- From: Chris Lilley <chris@w3.org>
- Date: Wed, 16 Apr 2003 00:10:43 +0200
- To: Tim Bray <tbray@textuality.com>
- CC: "Ian B. Jacobs" <ij@w3.org>, www-tag@w3.org
On Tuesday, April 15, 2003, 11:55:03 PM, Tim wrote: TB> Chris Lilley wrote: >> I would not like people to get the impression from reading these >> minutes that i am in favour of 'canonicalizing' IRIs by hexifying >> them. Like Martin says and like the IRI spec says, only do this as a >> last resort when using antiquated transport protocols. Better is to >> use whatever method (quoted-unreadable, base64, ncr, \u) the >> environment provides to preserve the original characters. TB> I think I agree, but that last sentence is potentially very misleading. TB> If the IRI is embedded in an XML document, the IRI's Unicode TB> characters should appear in the infoset as themselves and *only* as TB> themselves unless they IRI/URI-special characters like '#' or '%', in TB> which case they should appear *only* as %-escapes. In the XML TB> instance, this may be accomplished by having them appear as themselves TB> (if you're using an encoding that supports them) or via NCRs. TB> In the XML context, other mechanisms such as \u or base64 should not be TB> used. Oh - yes, of course. I was just alluding to other environments having other ways to do the same thing.

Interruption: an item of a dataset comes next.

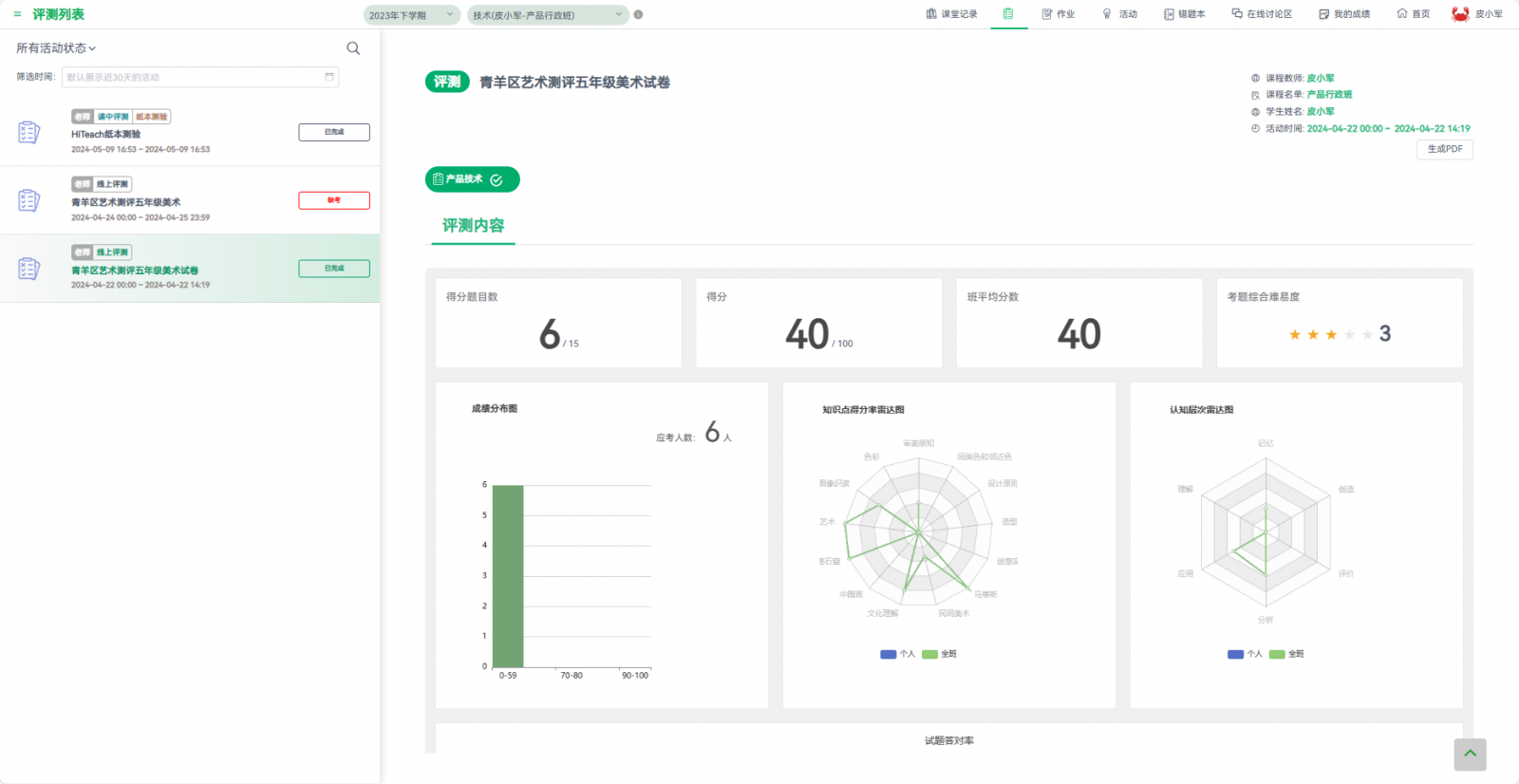 學生進入平臺后(學生端平臺稱為AClass ONE智慧學伴)即可查看測驗結果、或進行錯題練習。

Using a method that your environment does not provide does not preserve the character, I agree. Although, if you are sending an XML file by email, using a protection of the transport (base64 transfer encoding) with the actual characters as themselves in the file is exactly the same as changing the XML so that all the non-ASCII characters are NCRs, except it preserves the readability on the other end so is in fact better. -- Chris mailto:chris@w3.org
Received on Tuesday, 15 April 2003 18:10:54 UTC